The Scout Rangers, since its inception, has fought their battles wearing solid black military uniforms (sometimes tailored in the cut of the US Battle Dress Uniform). They also wear their black berets. This is said to pay homage to their mascot, the civet cat (Musang), and to their reputation to strike quickly in their operations, hence their motto of "We Strike". All their uniform insignias are embroidered and stitched in red.

But as paramilitary groups, security guards, police forces (such as the PNP SWAT teams), and even the Communist rebels also started to adopt black military uniforms, FSSR has adopted the Scout Ranger Distinctive Uniform (SRDU) in around 2009-2010, for the sole intention to help operators identify their comrades in battle. Later on, the SRDU was reserved only for drill and parade purposes. The SRDU uses a pixelated camouflage pattern akin to the US Army's Universal Camouflage Pattern (UCP), albeit using a black-grey-white color scheme.

In the present time, Scout Rangers prefer to fight their battles using surplus US Woodland BDUs, the vintage DPM-derived AFP Battle Dress Attire (BDA), and the currently issued Philippine Army Pattern (PHILARPAT) BDUs.

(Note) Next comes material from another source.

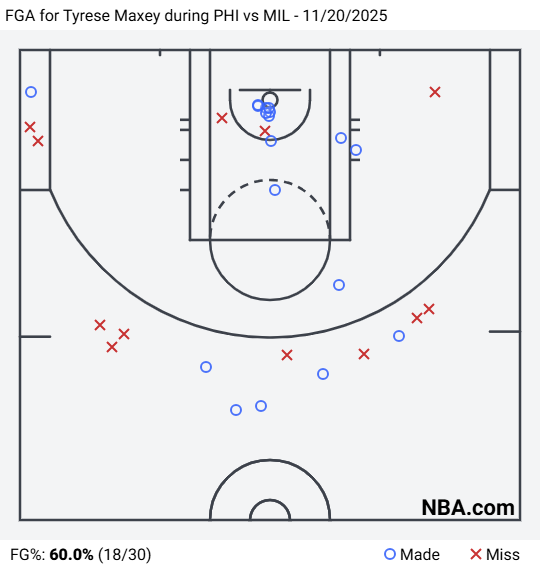Along with a Career-High 54 Points in Milwaukee, Tyrese Maxey Has Career Highs in Basically Everything

== Collaboration with foreign SOFs==
During the Cold War, the FSRR provided training for prospective commandos of the Royal Laotian Army. They have also trained constantly with US special forces and the Australian SASR.

In November 2021, the Scout Rangers have conducted joint training with Kopassus operators.

In 2024 and 2025, the FSRR participated in exercises alongside the SFR(A) with Cambodian special forces units.